American sailboat design from 1933

The Skimmer is an American sailing dinghy, that was designed by William F. Crosby for amateur construction in 1933.

==Design==
The Skimmer design conforms to the original Moth class rules, but with an emphasis on simplicity for ease of construction and to reduce building costs. Crosby was the editor of Rudder magazine at the time and had designed the Snipe in 1931. He published the plans for the Skimmer in the October and November 1933 issues of that magazine, during the height of the Great Depression, as a means of producing a sailboat for the least cost.
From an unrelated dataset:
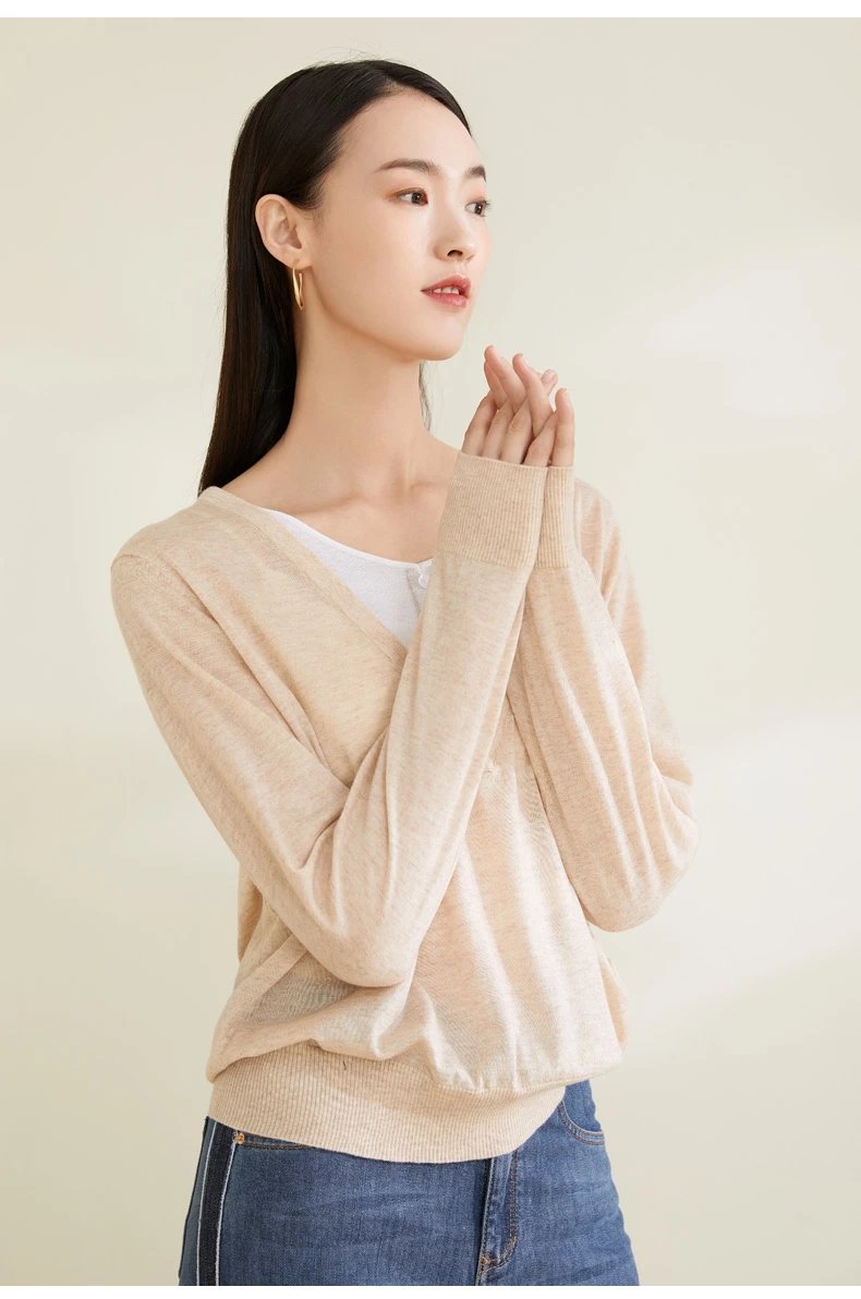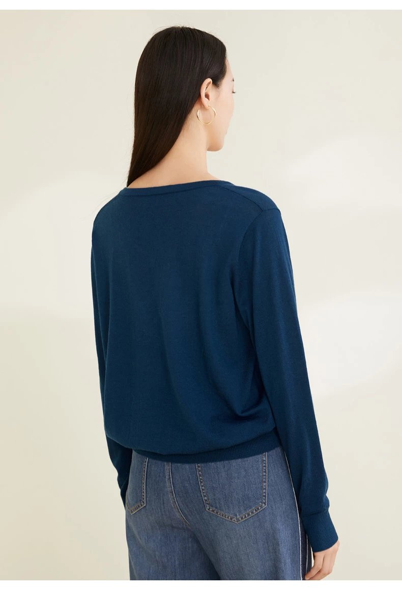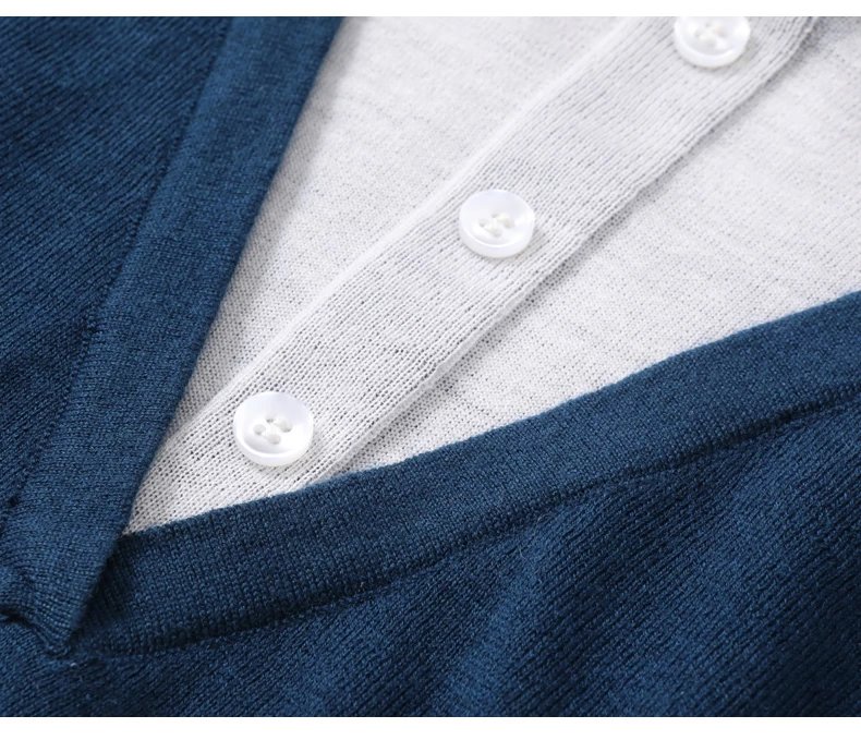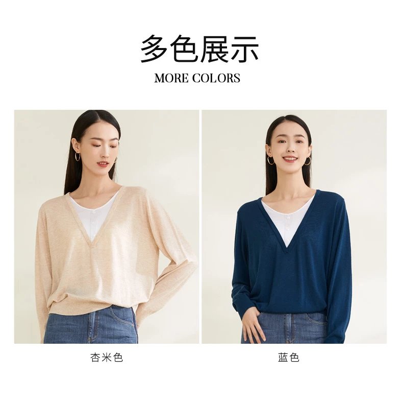 玳莎撞色假两件针织衫别致圆领通勤上衣女 CA33301

As a consequence, hundreds of examples were built and they were raced as a class on the United States west coast and other places in the US.

The Skimmer is a small, single-handed, recreational dinghy, built predominantly of wood planking. It has a catboat single-sail rig, a single chine hull, a transom-hung rudder and a pivoting centreboard keel. It displaces 300 lb and carries no ballast.

The boat has a draft of 4.50 ft with the centreboard extended and 1.83 ft with it retracted, allowing beaching or ground transportation on a trailer or automobile roof rack.

==See also==
- List of sailing boat types

Related development
- Moth (dinghy)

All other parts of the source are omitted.